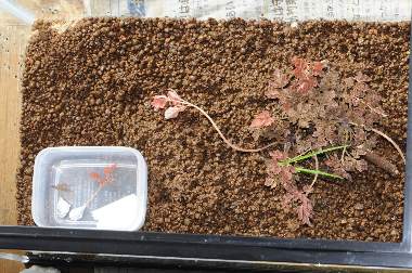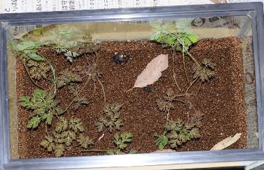(参考) 幼虫の管理 2012年2月18日撮影 兵庫県中西部 採卵 静岡市駿河区 飼育 幼虫の管理の重要なポイントは日光といわれます(これもO氏による)。実際、まだ僕は見ていませんが自然状態の幼虫は枯葉などの上で日光浴をしているそうです。そこで秋に鉢植えにして冬葉が伸び始めているムラサキケマンをガラスの水槽に移植し、そこに幼虫を付けることにしました。最初は密閉容器で飼い始めたのですが方針を変えました。とりあえず葉を囓っているようですが、あまり続かず何か嫌そうです。 トップページへ |
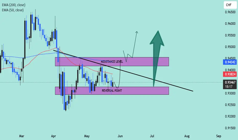 This chart suggests a critical decision point for EUR/CHF. A bounce from the reversal zone followed by a confirmed break above resistance could signal the start of a medium-term uptrend. Traders should monitor price action closely for confirmation signals near the trendline and EMA zones.
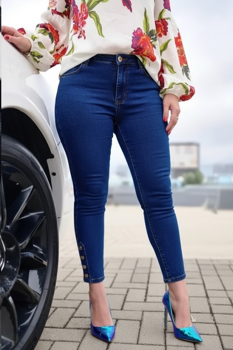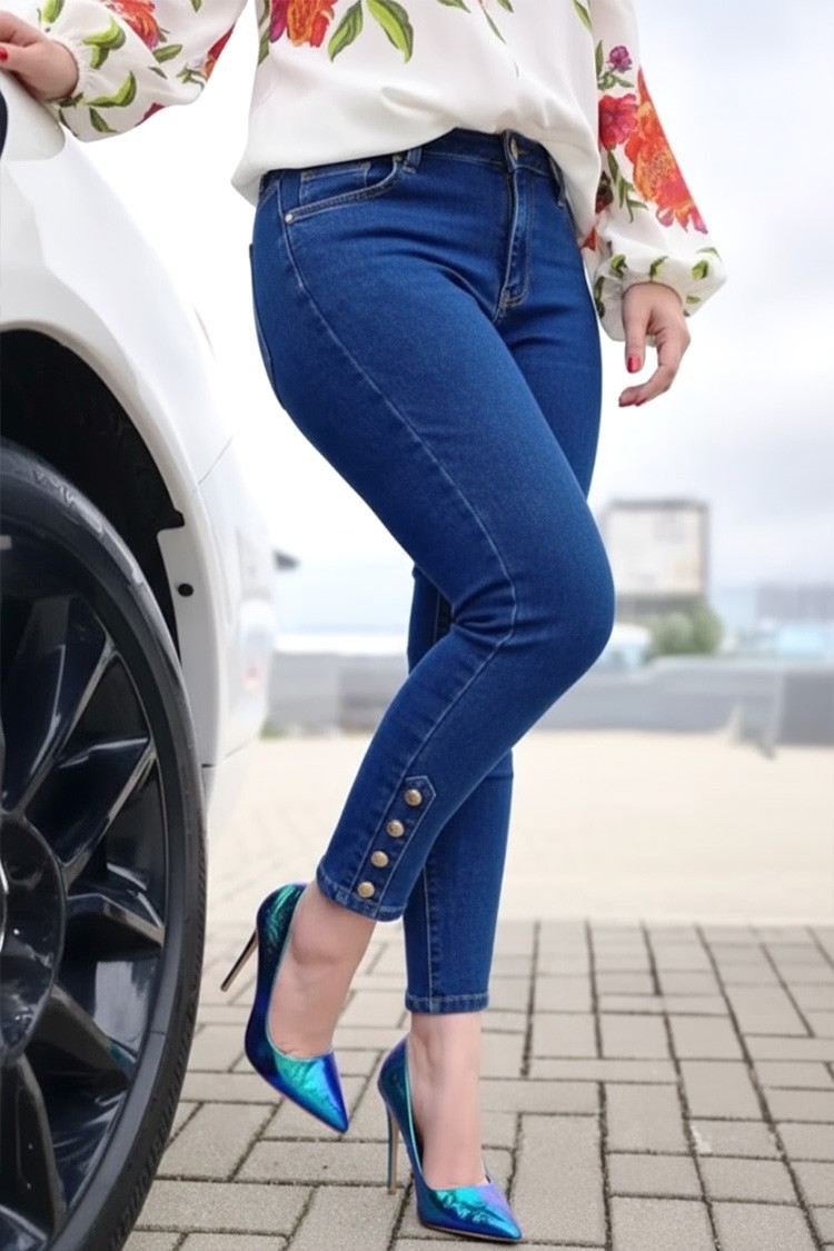 - Model ima visok, elastičan struk i precizan kroj koji ističe figuru.
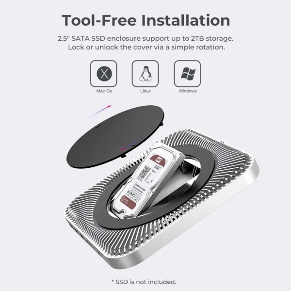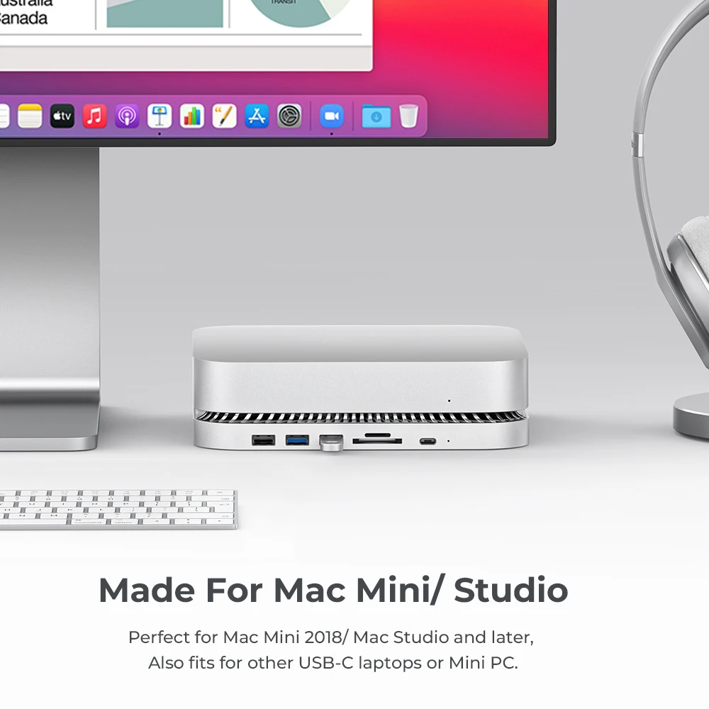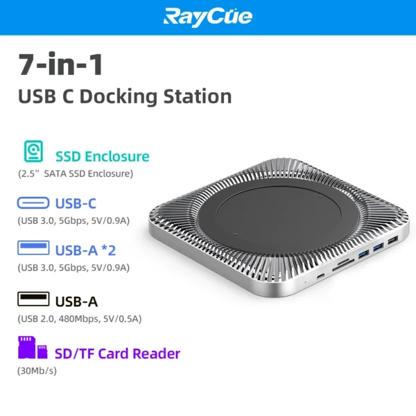 RayCue USB C Docking Station for Mac Mini Hard Drive 7 in 1 Hub HDD SATA Enclosure SD TF Card Reader USB 3.0 for Mac Studio Dock
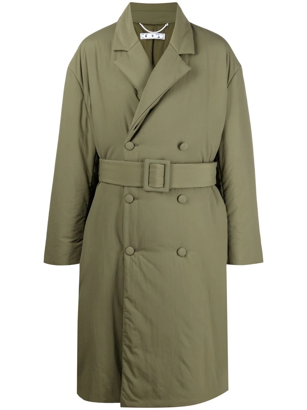 padded double-breasted coat Off-White adds an unexpected twist to this classic olive green coat. Designed with timeless double-breasted front fastening and notched lapels, this piece is punctuated by its distinct padded silhouette, aligned with the label's convention-defying style. Made in Italy Composition Lining: Polyester 100% Outer: Polyamide 100% SIZE & FIT Model measurements Height 6 ft 2 in(1.89 m) Bust/Chest 35.43 in(90 cm) Hips 36.61 in(93 cm) Waist 28.74 in(73 cm) Washing instructions Machine Wash
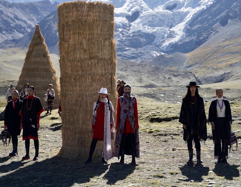 以雪域高原的藍(lán)天白云為幕,以廣袤無垠的高山草甸為毯,以金光燦燦的青稞裝飾為景……9月17日上午10時(shí)許, 來自上海金山的時(shí)裝品牌:沙涓“雪域·回響”喜馬拉雅大秀在西藏日喀則江孜縣乃欽康桑雪山下舉行,向現(xiàn)場觀眾呈現(xiàn)了一場西藏氆氌手工藝大秀,并通過視頻直播全球首發(fā),展現(xiàn)非遺復(fù)興。
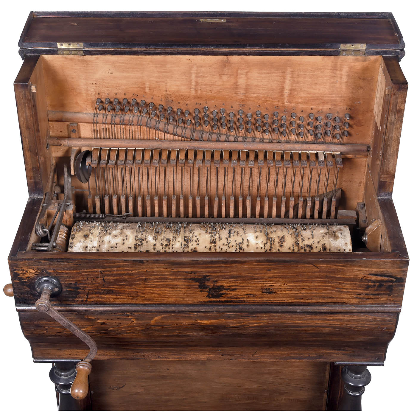 Giuliano, Gran Fabrica di Pianini a Cilindro. With 29 piano notes, bell, two 8-air pinned wood barrels, one in wood crate, hand-cranked, wood case, 29 x 19 x 42 ½ in., good playing condition.
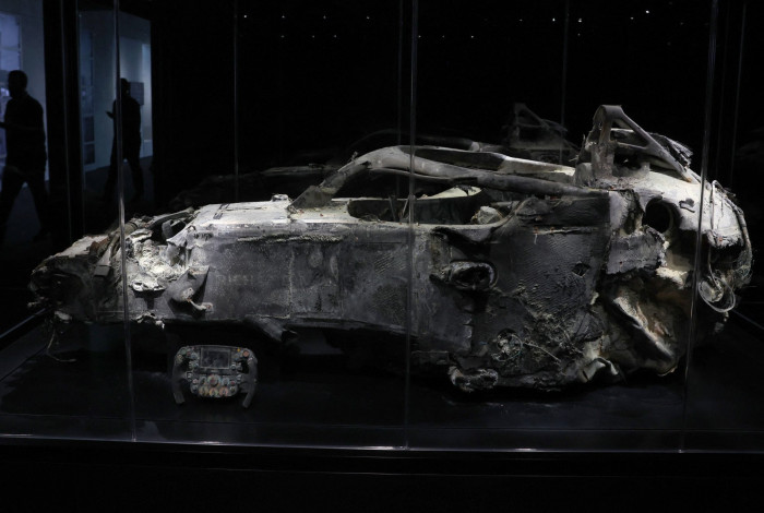 Exposição exibe carro queimado de Grosjean após acidente no Bahrein em 2020
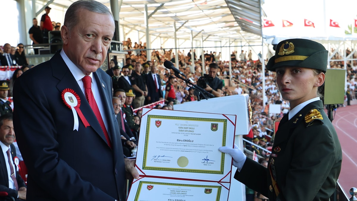 Cumhurbaşkanı ve AKP Genel Başkanı Recep Tayyip Erdoğan, Kara Harp Okulu mezuniyetinin ardından kılıçlı yemin eden ve "Mustafa Kemal'in askerleriyiz" sloganı atan bazı teğmenlerin ihraç talebiyle disipline sevk edilmelerini değerlendirdi. Erdoğan, Kara Harp Okulu birincisi Ebru Teğmen'e diploma vermesine yönelik gelen sorulara da yanıt verdi.
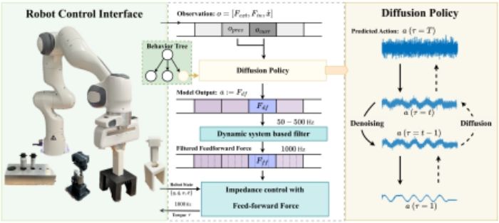 2、Yansong Wu, Zongxie Chen, Fan Wu*, Lingyun Chen, Liding Zhang, Zhenshan Bing, Abdalla Swikir, Alois Knoll, Sami Haddadin, TacDiffusion: Force-domain Diffusion Policy for Precise Tactile Manipulation, IEEE International Conference on Robotics and Automation (ICRA), 2025
------
Once more, give the listing above exactly, leaving each picture out.

▶ _Answer to this problem_:
(参考) 幼虫の管理 2012年2月18日撮影 兵庫県中西部 採卵 静岡市駿河区 飼育 幼虫の管理の重要なポイントは日光といわれます(これもO氏による)。実際、まだ僕は見ていませんが自然状態の幼虫は枯葉などの上で日光浴をしているそうです。そこで秋に鉢植えにして冬葉が伸び始めているムラサキケマンをガラスの水槽に移植し、そこに幼虫を付けることにしました。最初は密閉容器で飼い始めたのですが方針を変えました。とりあえず葉を囓っているようですが、あまり続かず何か嫌そうです。 トップページへ |
 This chart suggests a critical decision point for EUR/CHF. A bounce from the reversal zone followed by a confirmed break above resistance could signal the start of a medium-term uptrend. Traders should monitor price action closely for confirmation signals near the trendline and EMA zones.
 - Model ima visok, elastičan struk i precizan kroj koji ističe figuru.
 RayCue USB C Docking Station for Mac Mini Hard Drive 7 in 1 Hub HDD SATA Enclosure SD TF Card Reader USB 3.0 for Mac Studio Dock
 padded double-breasted coat Off-White adds an unexpected twist to this classic olive green coat. Designed with timeless double-breasted front fastening and notched lapels, this piece is punctuated by its distinct padded silhouette, aligned with the label's convention-defying style. Made in Italy Composition Lining: Polyester 100% Outer: Polyamide 100% SIZE & FIT Model measurements Height 6 ft 2 in(1.89 m) Bust/Chest 35.43 in(90 cm) Hips 36.61 in(93 cm) Waist 28.74 in(73 cm) Washing instructions Machine Wash
 以雪域高原的藍(lán)天白云為幕,以廣袤無垠的高山草甸為毯,以金光燦燦的青稞裝飾為景……9月17日上午10時(shí)許, 來自上海金山的時(shí)裝品牌:沙涓“雪域·回響”喜馬拉雅大秀在西藏日喀則江孜縣乃欽康桑雪山下舉行,向現(xiàn)場觀眾呈現(xiàn)了一場西藏氆氌手工藝大秀,并通過視頻直播全球首發(fā),展現(xiàn)非遺復(fù)興。
 Giuliano, Gran Fabrica di Pianini a Cilindro. With 29 piano notes, bell, two 8-air pinned wood barrels, one in wood crate, hand-cranked, wood case, 29 x 19 x 42 ½ in., good playing condition.
 Exposição exibe carro queimado de Grosjean após acidente no Bahrein em 2020
 Cumhurbaşkanı ve AKP Genel Başkanı Recep Tayyip Erdoğan, Kara Harp Okulu mezuniyetinin ardından kılıçlı yemin eden ve "Mustafa Kemal'in askerleriyiz" sloganı atan bazı teğmenlerin ihraç talebiyle disipline sevk edilmelerini değerlendirdi. Erdoğan, Kara Harp Okulu birincisi Ebru Teğmen'e diploma vermesine yönelik gelen sorulara da yanıt verdi.
 2、Yansong Wu, Zongxie Chen, Fan Wu*, Lingyun Chen, Liding Zhang, Zhenshan Bing, Abdalla Swikir, Alois Knoll, Sami Haddadin, TacDiffusion: Force-domain Diffusion Policy for Precise Tactile Manipulation, IEEE International Conference on Robotics and Automation (ICRA), 2025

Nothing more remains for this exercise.